E' disponibile lo studio "Misure di genere" del servizio studi e statistica della Città metropolitana di Bologna. Lo scopo è quello di mettere a disposizione informazioni, periodicamente aggiornate, legate al tema delle differenze di genere come filo conduttore nei differenti ambiti della statistica pubblica.

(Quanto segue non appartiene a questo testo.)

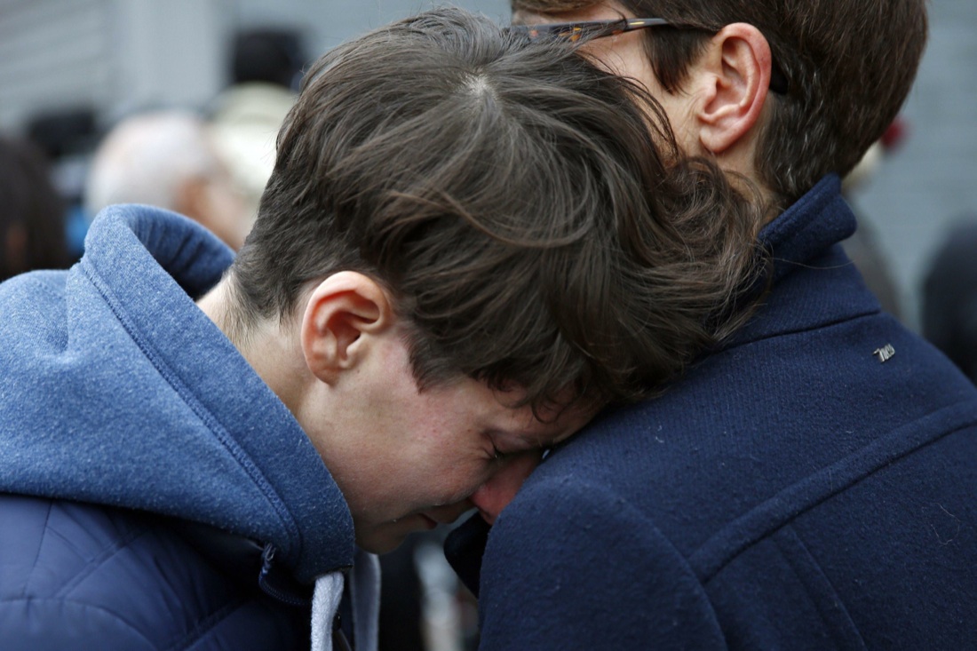 Abbracci tra i superstiti degli attentati di Parigi prima di essere portati via da alcuni autobus in sicurezza – 14 novembre 2015

E' disponibile lo studio Misure di genere del servizio studi e statistica della Città metropolitana di Bologna. Lo scopo è mettere a disposizione informazioni, periodicamente aggiornate, legate al tema delle differenze di genere come filo conduttore nei differenti ambiti della statistica pubblica.Il periodo di riferimento dei dati varia in base alla differente disponibilità nei temi proposti. In ogni sezione si restituisce un confronto spaziale diversificato per scala o territorialità. In sintesi: 

  • Sono 520.977 le residenti nella città metropolitana di Bologna al 31/12/2021, su una popolazione complessiva di 1.010.812. Hanno cittadinanza straniera in 64.258, la nazione maggiormente rappresentata è la Romania con 15.284 donne, seguita dal Marocco. Complessivamente l’età media femminile è di 48,3 anni ed il 27% ha un’età superiore ai 64 anni (gli uomini sono il 22%).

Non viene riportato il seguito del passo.